Manfrotto Pixi Evo 2 mini tripod test
I finally managed to test the Manfrotto Pixi Evo 2 together with Filippo, who helped me to fix the set and we had a lot of fun trying to arrange the muffins this or that way to take the best picture.
The Manfrotto Pixi Evo 2 is simple to use. Features:
- The three legs are extendable, each on its own, so that you can better stabilize your camera (5 different positions).
- Plus the legs can also be layed out (flat down) to take shoots also at ground/table level or so (10 cm), by using the designated switch.
- The head tilts to allow inclined shots down to 90 degrees (vertical shots). You just have to turn the knob.
- The camera is easy to attach. You don’t need to rotate the camera or the tripod, but simply spin the little wheel (right under the camera mount).

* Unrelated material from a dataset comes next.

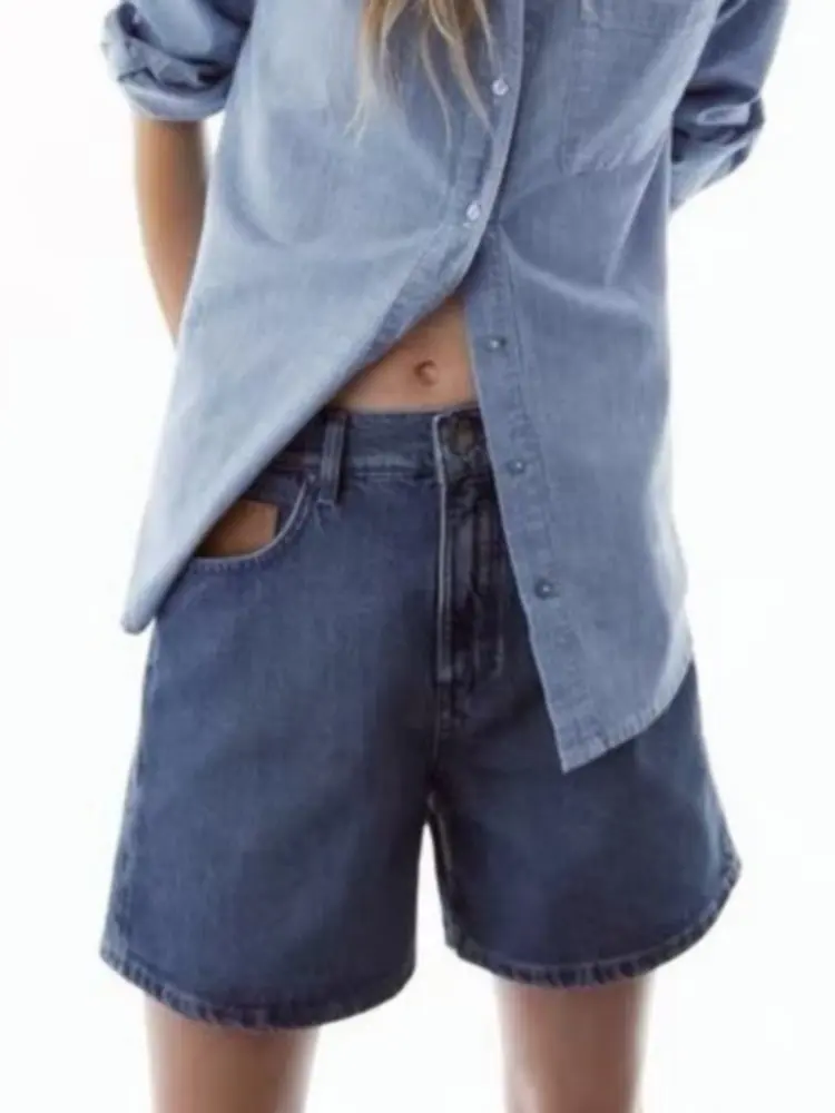 Женские джинсовые брюки с высокой талией, повседневные брюки из джинсовой ткани с карманами и широкими штанинами, лето 2022

- The Pixi Evo is quite light (260 gr) and easy to carry with you in your bag or rucksack.
I loved it. I needed such a mini tripod to take better photos for the blog. My hands are steady but not perfectly, of course. Moreover, my house has not a proper lighting for taking pictures. I couldn’t wait for an extra help for my food or interior or low light photos. I finally managed to take good photos in my house! The tripod is very versatile and light to carry, so I’m willing to test it in other conditions (outside, at dusk probably). I also used it as “selfie stick”.
I surely could have done better photos, but I’m no expert. This is indeed a chance to improve. I’ll make other tests and possibly other muffins 😉 and I hope you’ll notice my improvements in the next months.

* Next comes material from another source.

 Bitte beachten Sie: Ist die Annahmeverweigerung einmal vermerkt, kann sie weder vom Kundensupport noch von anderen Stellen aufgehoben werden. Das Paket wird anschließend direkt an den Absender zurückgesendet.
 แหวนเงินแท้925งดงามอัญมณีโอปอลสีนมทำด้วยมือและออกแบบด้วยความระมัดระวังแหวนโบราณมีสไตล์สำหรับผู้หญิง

One last thing: how cute is the name Pixi? 😉
You can find the Pixi Evo 2 at www.manfrotto.it/treppiedi
WARNING: It can support up to 2,5kg. It is perfect for my DSLR camera with its original lens.
Orange muffins recipe
Finally, this is the recipe of the orange muffins/cake. I found it online, I translate it for you, because the original one (www.cucchiaio.it/torta-arance) is in Italian:
• 3 eggs
• 250g baking flour
• 1 teaspoon baking powder
• 240g sugar
• 100 ml of Extra Virgin Olive Oil
• zests of 1 orange
• The juice of 2 oranges
• 1 pinch of salt
• icing sugar
- Crack the eggs in a bowl and add the sugar. Mix with an electric mixer until the mixture becomes clear (3 minutes).
- Slowly add the olive oil, continuing to mix.
- Grate the rind of one orange and squeeze the juice of the peeled orange plus another unspoilt orange, then add all to the mixture.
- Sift flour, baking powder and a pinch of salt and add them (gently) to the mixture.
- Fill a ring mould, better if silicone, and bake in a preheated oven at 180 degrees for about 40 minutes. Or fill your muffin ramekins (I use those on paper, in Italian they are called “pirottini”) and bake them at 180 degrees for about 12 minutes.
- Let the cake (or muffins) cool and then decorate it (or them) with icing sugar.